In his introduction to James et al., Fred Stanton concludes, “The all-Black MOWM never achieved most of its aims, but it forced concessions from the government and had a progressive impact on the labor movement….It was certainly the most important Black movement since the heyday of Garveyism….It was the first large Black organization in which trade unionists played the leading role” (p. 21).
The Negro March on Washington Movement never had its march. It won some limited gains. But it raised the idea of organizing for mass action, of pressure against power rather than quiet pleading. It inspired future efforts, leading to the Civil Rights movement of the 1950s and the Black Liberation movement of the 1960s.
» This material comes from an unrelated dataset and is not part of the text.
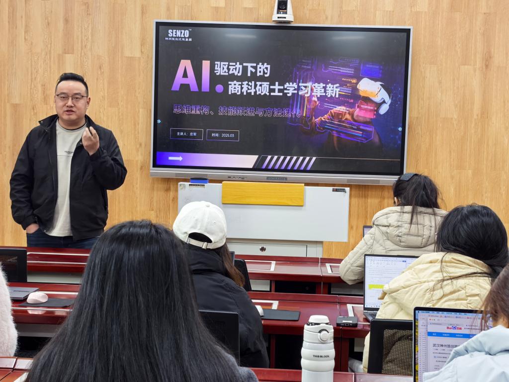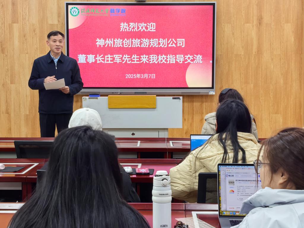 3 月7 日上午,伟德河南省研究生联合培养基地举办了一场主题为“AI 驱动下的商科硕士学习革新” 的讲座。此次讲座由伟德经理彭荣胜教授主持,主讲人是来自合作单位武汉神州旅创旅游运营管理有限公司的董事长兼 CEO 庄军先生。理论经济学、工商管理学硕士研究生集中聆听了此次讲座。

These were to shake U.S. society and open the way for further struggles for a truly free and equal society.
– wayne price
References
Barber, Lucy G. (2002). Marching on Washington; The Forging of an American Political Tradition. Berkeley: University of California Press.
Dolgoff, Sam (1986). Fragments; A Memoir. Cambridge: Refract Publications.
Hochschild, Adam (2005). Bury the Chains; Prophets and Rebels in the Fight to Free an Empire’s Slaves. Boston/NY: Houghton-Mifflin.
James, C.L.R., Breitman, George, Keemer, Edgar, and others (1980). Fighting Racism in World War II. NY: Pathfinder.
Kruse, Kevin M., & Tuck, Stephen (eds.) (2012). The Fog of War; The Second World War and the Civil Rights Movement. Oxford/NY: Oxford University Press.
Sugrue, Thomas (2012). “Hillburn, Hattiesburg, and Hitler; Wartime Activists Think Globally and Act Locally.” In Kruse & Tuck, (eds.), pp. 87—102.
X, Malcolm (1999). The Autobiography of Malcolm X; As Told to Alex Haley. NY: Ballantine Books.